I'm glad to have found this page and this discussion. But I have a couple of concerns:
- The help page here indicates you have to have and run Java separately from the gedcom2wiki program. That requirement is not going to cut it for folks like myself. If I have to learn yet another program AND learn Java, too? I don't think so. But maybe you intended ultimately to bundle it all into one program. If not, I think you'll need to if you want most people to use it.
- (And this one really worries me. Warning: rant approaching) As much as I want a GEDCOM2WIKI tool, I also really really do not want to see happen to this wiki space what has happened over at WorldConnect. Between ancestry.com making it easy as pie for people to copy information willy-nilly (apologies for the U.S. slang), and the wonderful ease that WorldConnect allows for updating and uploading GEDCOMs, WorldConnect now has a slew of, excuse me, CRAP, online.
Maybe the hypothesis you're all working from here is that the GeneWikia community will clean up after itself and each other. But how many Robins and Bills and whoever elses is that going to take once you support the ability to easily upload THOUSANDS of pages that need cleaning? How do we make it easier for folks to add their data without turning this Wiki space into yet another genealogical out-house?

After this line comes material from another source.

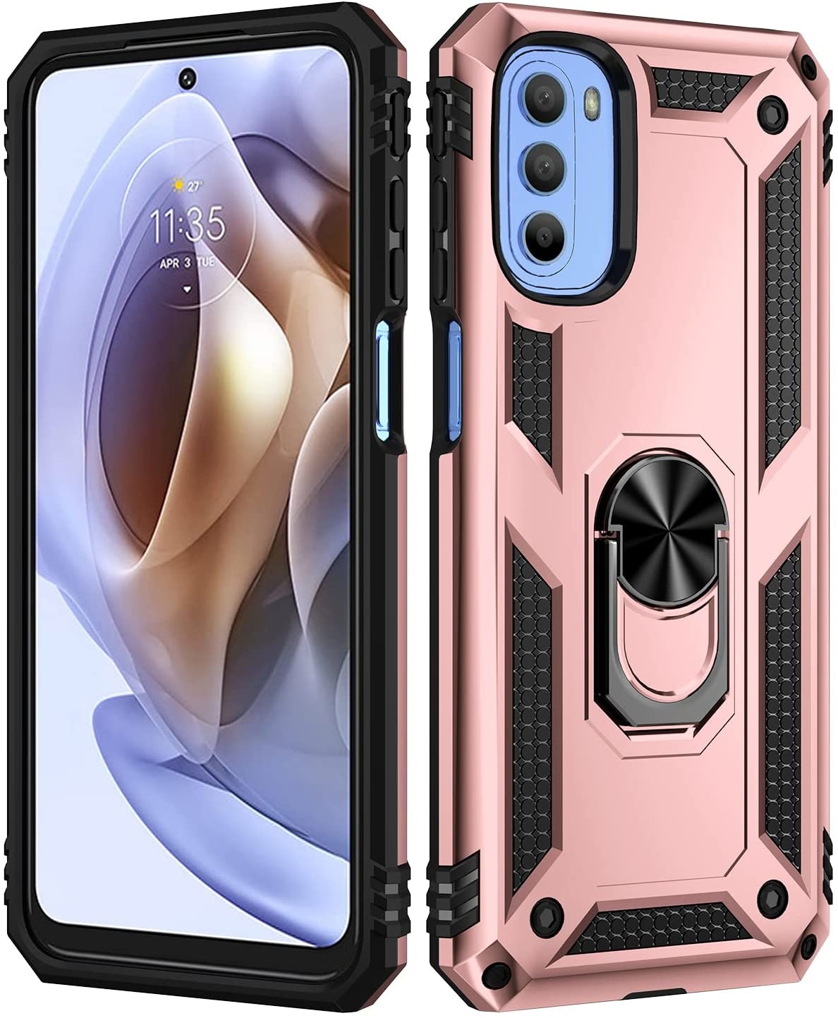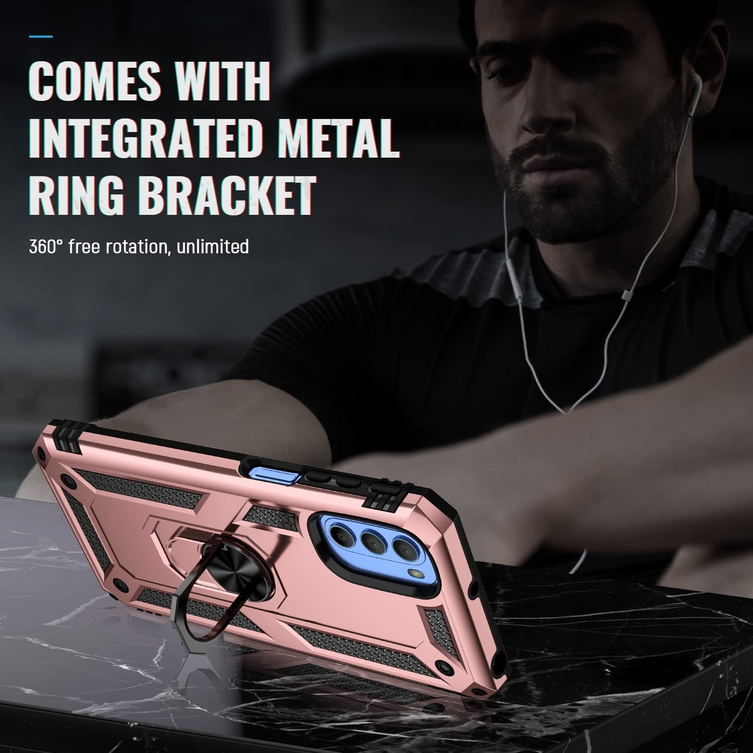 Hoesje geschikt voor Moto G41 / Hoesje geschikt voor Moto G31 hoesje Hybrid Armor Anti-Shock hoesje Rose Goud - Hoesje geschikt voor Moto G31 / G41 Hoesje kickstand Ring houder cover TPU backcover hoesje

Respectfully (really, despite my language), Jillaine 15:31, 6 July 2007 (UTC)
- I agree with much of what Jillaine says there. Jtc and Janet also had doubts about aspects of the system. But at least here we have the authorship preserved, so that errors can be discussed with any unwitting "perpetrators" and can be fixed by later editors even if the initial uploaders have gone. Even the rubbish in a huge GEDCOM has grains of gold in it that may lead some researcher in the right direction. I hope someone can dig into Yewenyi's program and fix the errors he was talking about and make it useful for those of us who don't want to learn Java. Robin Patterson 12:18, 7 July 2007 (UTC)
- AND... WeRelate's GEDCOM2WIKI utility also enables the generation of THOUSANDS of pages and category names that may make finding things difficult, and cleaning up bad data also difficult. Sigh. But the interface ROCKS. Jillaine 18:08, 7 July 2007 (UTC)
- It's certainly easy. Too bad the initial size limit is specified only in the small print several pages in. — Robin Patterson (Talk) 05:08, 3 April 2009 (UTC)
Let's Talk About GEDCOM's[]
I believe for the good of this Wiki, we need an effective way for folks to add their GEDCOM's. The current version can apparently be used, but I'm not sure it's wise to use it in its present form. Things I'd like to see in a GEDCOM program include
- a) a mechanism that ensures that duplicate entries are not created, or over-ride existing articles
- b) a mechanism that ensures that "flags" articles with very similar names to existing articles.
While I believe we need GEDCOM capability simply because such capability is part of what most people would expect from a genealogy site, I have to say that I personally am not a big fan of GEDCOM's, in wiki's or otherwise.
Here are my real concerns:
- I grant that if the object is to add as many pages as possible, GEDCOM dumps really shortcut the process.
- Gee, if one wanted to, with all the GEDCOM's out there available for downloading, one could easily input millions of pages in a matter of hours.
- ...If one wanted to. The shortcomings of that are;
- accuracy of data
- GEDCOM's are far too easy to appropriate. Tend to create genealogies that are not well thought out. They encourage "Snatch and grab" genealogists, who seem to be mostly interested in creating large GEDCOM's rather than having an accurate understanding of their familly history.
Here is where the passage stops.